Wednesday, September 12, 2007

If measurement could be more precise, the perceived relationship is stronger, not weaker

A favorite Sailer post consists of an amalgamation of reader suggestions on ideas that journalists (and everybody else) should keep in mind.

I have another to add, that I've seen ignored on several occasions. As someone fairly well-versed in statistics, it's obvious. But as someone who frequently struggles to grasp so many things that more informed people find effortlessly intuitive, I'm confident some will find it being explicitly spelled out quite helpful.

In the comments of an Arnold Kling post on the intelligence-livability relationship in the US, a skeptical reader writes:
What I find odd is the acceptance of the state as a boundary -- I've lived primarily in two very heterogenous states, Texas and Washington, and they are not fairly characterized by a sum over the entirety. But that is fairly typical.
He is insinuating that the correlation between IQ and livability is questionable because I've used data at the state level to run a regression. But the less precise the use of state-level data is, the stronger the true relationship between intelligence and livability actually is. The more noise extant in the measurements, the lower the observed correlations are going to be. As the sample size increases, the likelihood of it being otherwise rapidly approaches zero (an n of 50 is more than sufficient for this). In attempting to undercut the observed relationship, he is actually suggesting that it is more vigorous than I relate.

If I suspected a relationship between the percentage of land paved with asphalt and population density in the US, my suspicion would be confirmed by relating the two at the state level. Say I find the two correlate at .40 (I'm assuming that this supposed relationship isn't contested even though I'm not using actual figures). New York has a higher proportion of its land devoted to roads and a greater population density than Alaska does.

But Anchorage has more asphalt and neighbors than does the area 50 miles north of Utica. The effect of internal 'inconsistencies' like these are lessened by a similar analysis on the county level. Most US counties have few people and few roads. A relative few have lots of people and lots of roads. The correlation jumps to .80.
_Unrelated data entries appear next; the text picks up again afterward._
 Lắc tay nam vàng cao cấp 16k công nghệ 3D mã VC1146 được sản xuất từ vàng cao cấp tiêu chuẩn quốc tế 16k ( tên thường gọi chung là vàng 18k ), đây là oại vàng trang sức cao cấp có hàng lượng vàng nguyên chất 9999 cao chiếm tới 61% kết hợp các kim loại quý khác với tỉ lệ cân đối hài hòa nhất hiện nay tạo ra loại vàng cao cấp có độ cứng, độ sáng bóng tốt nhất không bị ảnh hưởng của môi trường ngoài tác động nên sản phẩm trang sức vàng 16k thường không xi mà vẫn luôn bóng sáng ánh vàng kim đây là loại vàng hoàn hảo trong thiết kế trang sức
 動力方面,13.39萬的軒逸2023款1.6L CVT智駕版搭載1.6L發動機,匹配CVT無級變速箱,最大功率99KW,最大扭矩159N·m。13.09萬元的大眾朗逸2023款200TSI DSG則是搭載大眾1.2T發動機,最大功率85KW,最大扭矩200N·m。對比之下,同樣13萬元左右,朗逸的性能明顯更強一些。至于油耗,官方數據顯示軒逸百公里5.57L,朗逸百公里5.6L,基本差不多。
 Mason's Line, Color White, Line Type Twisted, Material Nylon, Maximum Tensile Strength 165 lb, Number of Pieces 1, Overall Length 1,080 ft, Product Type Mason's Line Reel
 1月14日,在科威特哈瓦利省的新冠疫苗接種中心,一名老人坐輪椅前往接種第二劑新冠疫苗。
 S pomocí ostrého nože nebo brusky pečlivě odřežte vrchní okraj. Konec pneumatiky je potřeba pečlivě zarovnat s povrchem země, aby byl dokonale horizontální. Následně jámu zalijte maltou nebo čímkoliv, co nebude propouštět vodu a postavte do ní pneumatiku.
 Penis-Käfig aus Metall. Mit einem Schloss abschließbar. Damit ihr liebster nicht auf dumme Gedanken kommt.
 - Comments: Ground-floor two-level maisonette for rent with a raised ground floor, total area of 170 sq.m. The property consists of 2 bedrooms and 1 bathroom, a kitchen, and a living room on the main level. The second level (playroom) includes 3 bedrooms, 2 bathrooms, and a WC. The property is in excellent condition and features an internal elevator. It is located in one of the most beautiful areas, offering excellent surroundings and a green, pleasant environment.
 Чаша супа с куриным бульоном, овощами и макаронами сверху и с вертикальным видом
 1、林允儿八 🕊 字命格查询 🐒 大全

Arguing that, because the state-level comparison isn't perfect, there is probably little relationship between population density and land devoted to roads is to get it backwards. Because the state-level comparison isn't ideal, a more precise comparison will show that the real relationship is considerably stronger.
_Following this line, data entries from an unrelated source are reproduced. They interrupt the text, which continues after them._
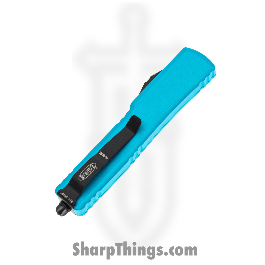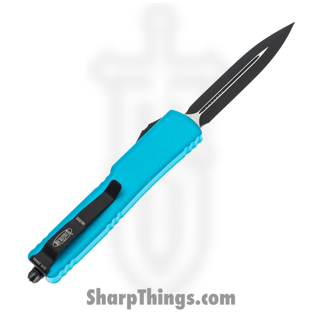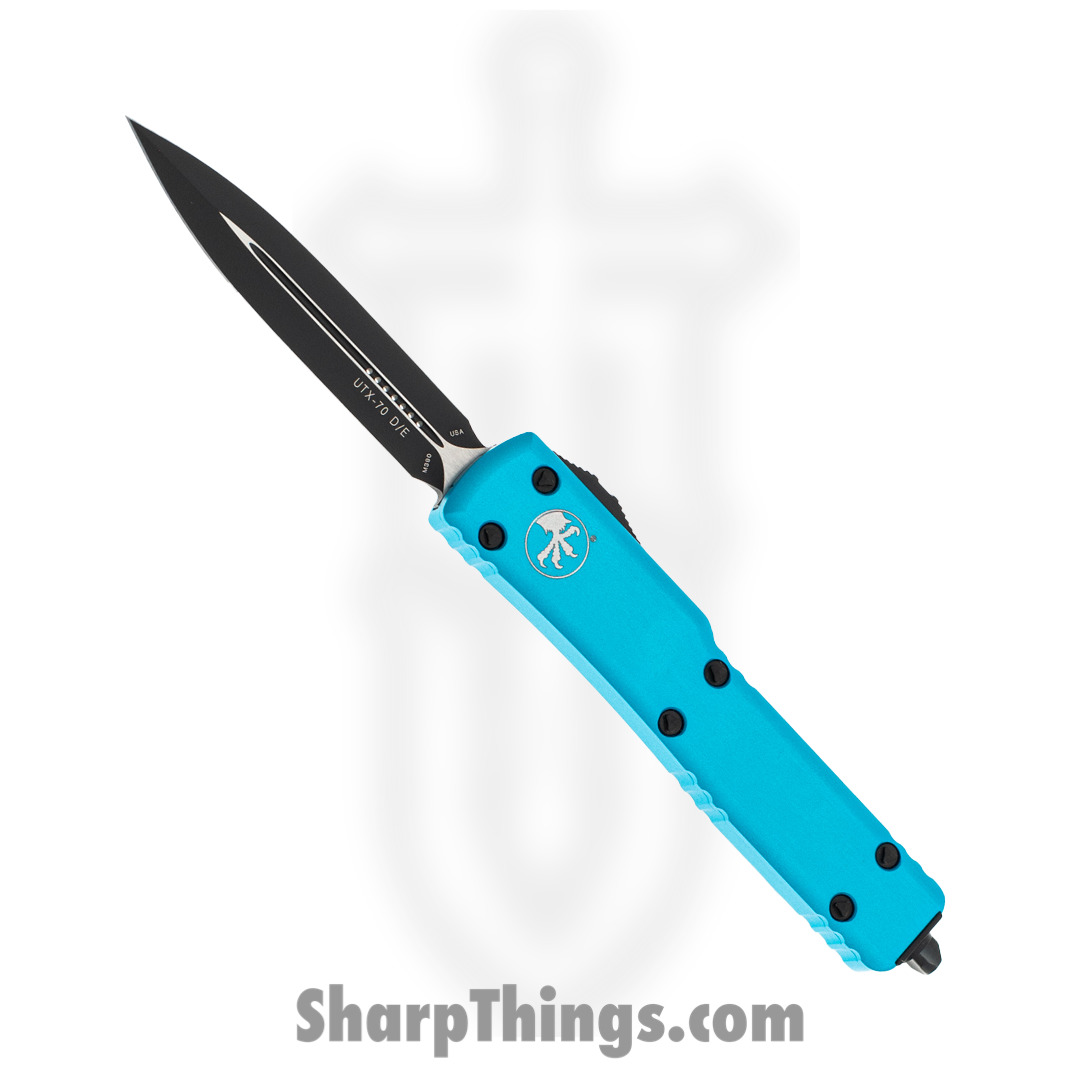 Microtech – 147-1TQ – UTX-70 – OTF Auto – Elmax, M390, 204P Coated Dagger – 6061-T6 Aluminum – Turquoise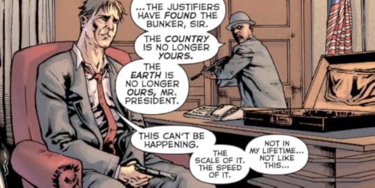 In this scene, a man with the president (for some reason wearing a fedora in the 2000s), warns that Darkseids forces, brainwashed humans and superheroes called justifiers, are about to wipe them out.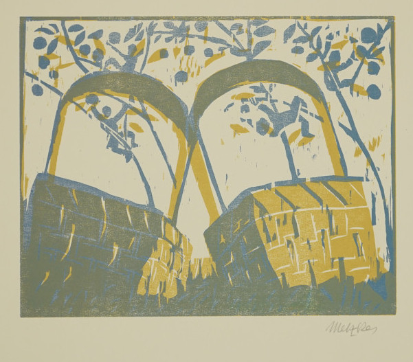 Galerie Die KörbeMappe: Berliner Grafikpresse 13.Druck "Hänschen im Blaubeerenwald"Farbholzschnitt, 24,0x30,2 39,0x53,8 cm, 3/15 2009Metzkes Harald

That same sort of argument is constantly employed against the utility of IQ data. Because IQ tests are not perfect measurements and only approximate overall intelligence, that IQ and infant mortality correlate strongly does not mean that thus-far unmeasurable Intelligence and infant mortality are related in any way. Of course, if IQ, as a sloppy measure of intelligence, is related to infant mortality, a crisper measure of intelligence will be, outside of extreme (randomly occuring) anomaly, be more strongly related to infant mortality than imperfect IQ.
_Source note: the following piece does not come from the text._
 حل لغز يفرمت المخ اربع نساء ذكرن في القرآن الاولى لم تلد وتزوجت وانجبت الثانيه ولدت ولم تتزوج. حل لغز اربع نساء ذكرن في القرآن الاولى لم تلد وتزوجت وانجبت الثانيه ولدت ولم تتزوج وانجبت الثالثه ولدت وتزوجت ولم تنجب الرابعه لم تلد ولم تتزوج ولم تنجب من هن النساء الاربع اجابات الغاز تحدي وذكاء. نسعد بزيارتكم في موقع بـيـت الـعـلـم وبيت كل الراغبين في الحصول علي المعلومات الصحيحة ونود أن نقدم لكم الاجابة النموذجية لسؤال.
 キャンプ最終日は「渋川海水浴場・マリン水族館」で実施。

Or consider my state IQ estimates that were followed by VCU Professor Michael McDaniel's estimates. They were arrived at similarly, but McDaniel's numbers were more precise. And, of course, they correlated more strongly with other good-faith IQ estimates than mine did.

Essentially, as in life generally, in measuring statistical relationships, the perfect is not the enemy of the good.

1 comment:

Steve Sailer said...

Right. You see that all the time with criticism of Lynn and Vanhanen's national average IQ numbers. There are perfectly valid criticisms that can be made of their source data, such as how nationally representative it is and the apples and oranges aspects of comparing results from different tests, but many people take the exactly wrong implication from these quibbles: therefore we shouldn't pay attention to the correlations between national average IQ and real world results like GDP per capita!

Uh, no, it's really the other way around. Unless you can identify non-random biases pointing in a single direction, all the noise in the data means that true correlations are probably higher, not lower.